The term “smart” certainly alludes to better use of technologies, but “smart mobility” is also defined as “a set of coordinated actions intended to improve the efficiency, effectiveness and environmental sustainability of cities” (Benevolo et al., 2016). The term “mobility” highlights the preponderance of humans over infrastructure and vehicles.
Current solutions for traffic congestion consist of fitting and widening infrastructure, which only encourages more trips and results in even more critical consequences. Even intelligent transport systems are helpless beyond certain traffic density.
The concept of dynamic lane management opens up new perspectives. Its objective is to manage and optimise road traffic in a variable manner, in space and time. Generally speaking, it is “Advanced Traffic Management”, “Active Traffic Management” (ATM), or “Managed Lanes” (ML).
In Casablanca, the traffic problem is one of the major challenges, which must be addressed irrespective of the choice by decision-makers to implement a “smart city” solution. An efficiency gain in terms of circulation and mobility could lead to significant savings. However, it appears that conventional traffic management would not sustainably absorb the consequences of congestion during peak hours. Traffic congestion inevitably leads to the deterioration of the urban framework and road safety conditions and harms the city's competitiveness.
Growing HGV flows from or to the Casablanca Port intensify congestion, result in roadway degradation and other negative impacts, such as pollution (noise, air, visual). Moreover, they contribute to the consumption of public spaces and the mortality of alternative mode users. At the same time, industrial and commercial blocks in the city centre with storage facilities generate a high demand for transport and parking.
Consequently, the effort to divert HGV flows from the city centre becomes a major urban challenge. The optimisation of logistics for the delivery of goods is vitally important for the competitiveness and attractiveness of the city, the improvement of the quality of life, accessibility, and road safety.
The mega-project “Wessal Casablanca Port” includes the development of a 17 km seaway connecting the port of Casablanca with Zenata Multi-Flow Logistics Zone (MFLZ). This project aims to enhance and develop the historic area of the Casablanca Port for tourism, with a view to relieve the main urban axes, improve traffic conditions, and streamline the flow of goods.
The strategic position of the dry port of Zenata MFLZ will be reinforced upon the completion of an efficient connection road with the Casablanca Port, which is the main traffic generator in the city. Zenata MFLZ will take over a large part of the cargo from the current port, which handled 30 million tonnes in 2019 and concentrates almost 20% of the import/export traffic of Morocco (METLE, 2018).
This case study concerns the connection of the Casablanca Port and Zenata MFLZ by 5 km long coastal road (Fig. 1).
Fig. 1
Location of the project connecting the Casablanca Port and Zenata MFLZ
Source: Map of Morocco – topographic map of Casablanca 1/50000.
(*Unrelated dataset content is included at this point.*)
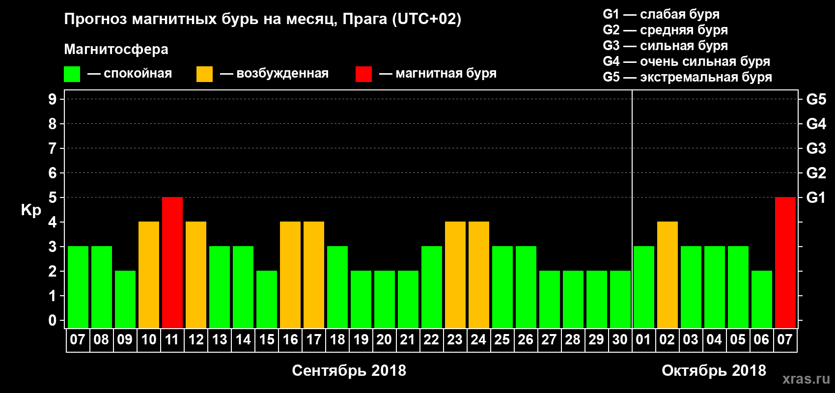 Прогноз магнитных бурь в Праге — 7 сентября 2018 года

The development of this project must meet the following requirements:
an optimised impact on the expropriation and the networks; design compatible with the adjacent cornice Ain Sebaa project from an urban and functional point of view; flow and protection of pedestrians heading towards the beach; separation of port traffic and urban traffic; sufficient capacity on the current section of lanes reserved for HGV; maintained operation in the event of accidents in the lanes reserved for HGV; secure traffic at intersections; travel time promoting the competitiveness of the logistics area; flow of vehicles and improvement of capacity on highways; flow and unrestricted management of traffic during development works; limited equipment maintenance; remaining within the project budget.
This article reflects on the development of the road dedicated to HGV, the first of its kind in Morocco. The project aims to alleviate the discomfort caused by trucks in the urban road network of Casablanca. This research is an ideal opportunity to reflect on the introduction of ITS to ensure the optimal use, especially at intersections and pedestrian crossings of urban roads in Morocco.
Next, the article reviews the international experience concerning designated HGV roads, then initiatives and strategies concerning HGV in Morocco, and finally, presents an analysis of the current situation of mobility in Casablanca.
To streamline port traffic between the Red Sea and the Jin Fei industrial area and increase the existing motorway capacity, a third lane dedicated to trucks was built in July 2019, extending 3.1 km and having the width of 4 m on each side. The traffic saturation in the North region and the separation of traffic from container ships will allow the birth of a smart city (Maurice Actu, 2019).
Several innovations have been included in the project, such as demarcated lanes, traffic signs conforming to the Vienna Convention to improve road safety, and Light-Emitting Diode (LED) lighting to offer better brightness and visibility and improve energy efficiency (Maurice Actu, 2019).
However, the buy-in of various stakeholders was not ensured during the design phase, which resulted in the change to the initial route. The third lane had to be built using red asphalt, and 200 trees were felled without replanting (Maurice Actu, 2019).
The State of Georgia has decided to deploy major means to ease traffic on its motorways, which are particularly heavily loaded with HGV. Georgia has decided on the record investment of more than USD 2 billion and a construction site planned for at least four years to create one or two additional lanes on certain portions of motorways (Masquelier, 2018).
These new lanes will be exclusive for HGV and will be separated from the rest of the traffic by a theoretically insurmountable barrier. They will link Atlanta suburbs to the rapidly developing Macon City, about 40 miles away. This project is interesting from multiple points of view.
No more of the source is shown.